**DATA BELOW:**
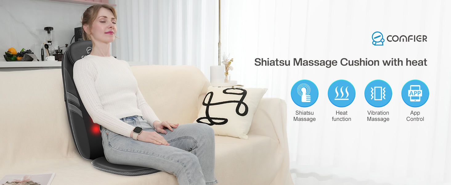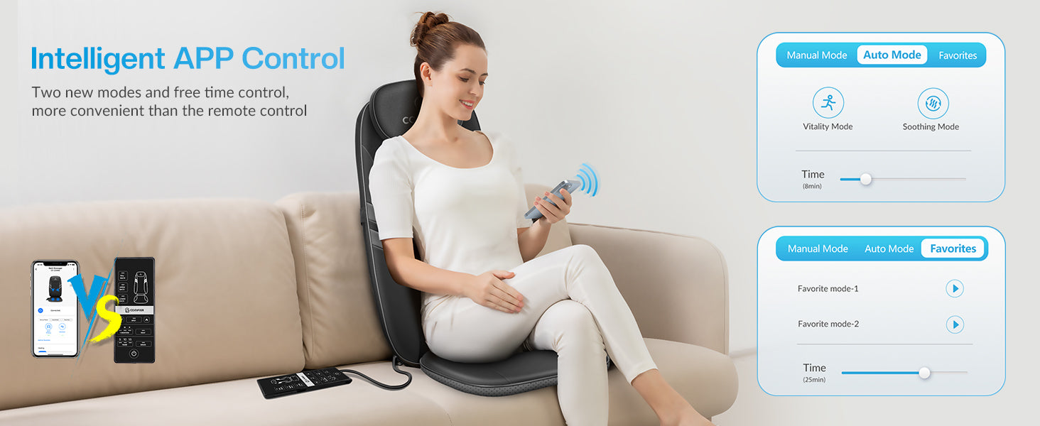 Instead of constantly searching for the control panel, you can use your smartmobile phone to operate the chair back massager through the "Comfier" app. The feature not only offers ease of use but also comes with a timer of 15 minutes, allowing you to set any desired massage time. In addition, you need not worry about the control panel malfunctioning and rendering the back massager unusable.
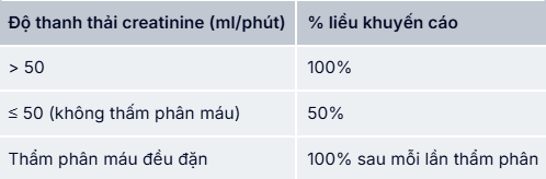 Điều chỉnh liều dựa trên chức năng thận.
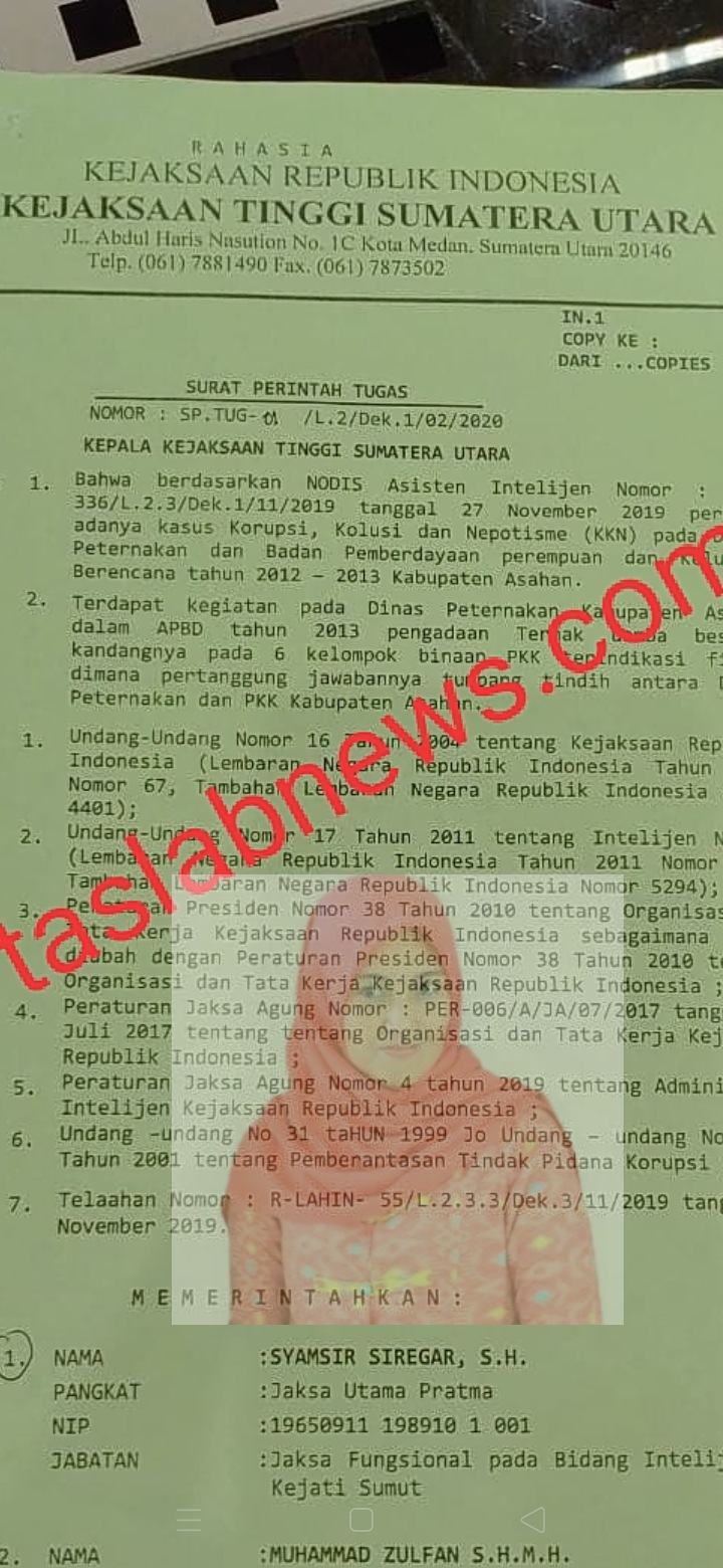 TASLABNEWS, ASAHAN- Surat dari Kejaksaan Tinggi Sumatera Utara (Kejatisu) untuk memeriksa mantan Ketua TP PKK Asahan Hj Winda Fitrika beredar.
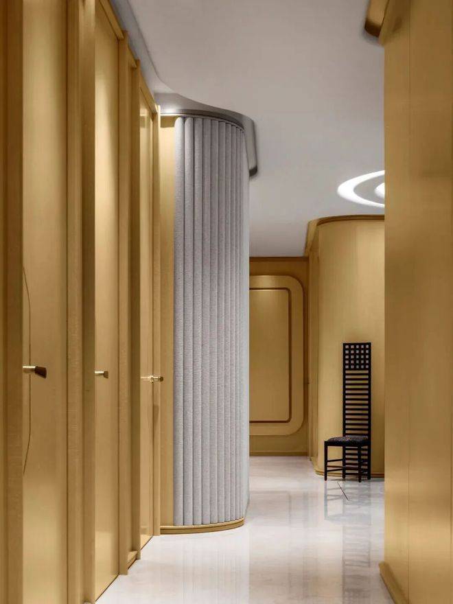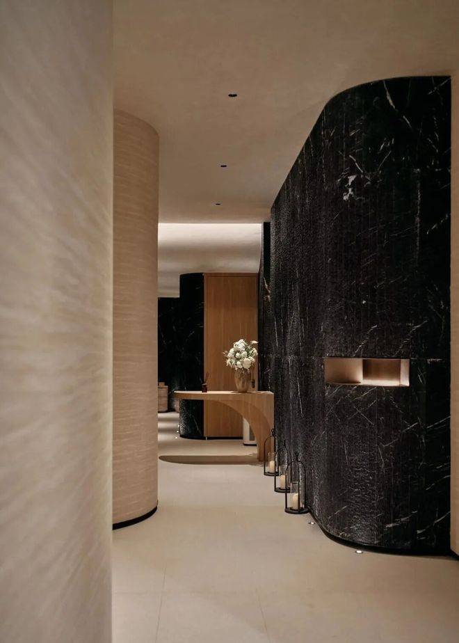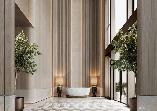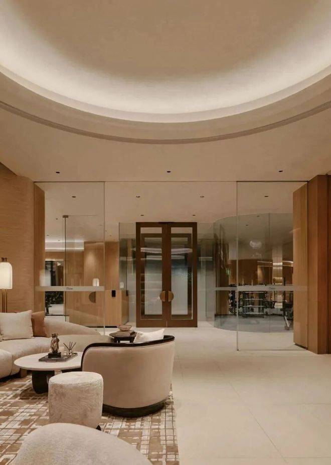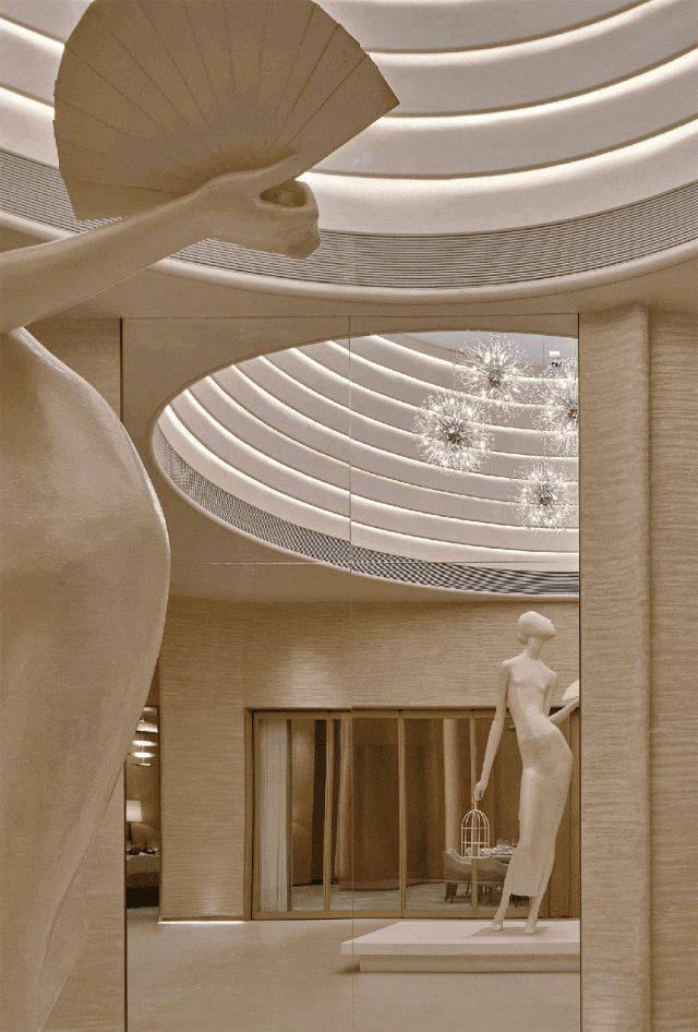 会所作为项目的核心配套,总面积超4000㎡,以“水之韵律”为设计灵感,所有边界均被柔化,没有一条生硬的直线,呈现出流动的呼吸感。迎宾区采用浅色木饰面搭配绿色植物背景,营造出宁静雅致的归家氛围;中庭设置圆形天井,层叠线条如水波,自然光倾泻而下,搭配艺术大师陈逸飞的雕塑作品《东方少女》,形成兼具艺术感与人文气息的核心空间。

**WORK REQUIRED:**
Reproduce every line of the material precisely, omitting its pictures.

**RESULT:**
 Instead of constantly searching for the control panel, you can use your smartmobile phone to operate the chair back massager through the "Comfier" app. The feature not only offers ease of use but also comes with a timer of 15 minutes, allowing you to set any desired massage time. In addition, you need not worry about the control panel malfunctioning and rendering the back massager unusable.
 Điều chỉnh liều dựa trên chức năng thận.
 TASLABNEWS, ASAHAN- Surat dari Kejaksaan Tinggi Sumatera Utara (Kejatisu) untuk memeriksa mantan Ketua TP PKK Asahan Hj Winda Fitrika beredar.
 会所作为项目的核心配套,总面积超4000㎡,以“水之韵律”为设计灵感,所有边界均被柔化,没有一条生硬的直线,呈现出流动的呼吸感。迎宾区采用浅色木饰面搭配绿色植物背景,营造出宁静雅致的归家氛围;中庭设置圆形天井,层叠线条如水波,自然光倾泻而下,搭配艺术大师陈逸飞的雕塑作品《东方少女》,形成兼具艺术感与人文气息的核心空间。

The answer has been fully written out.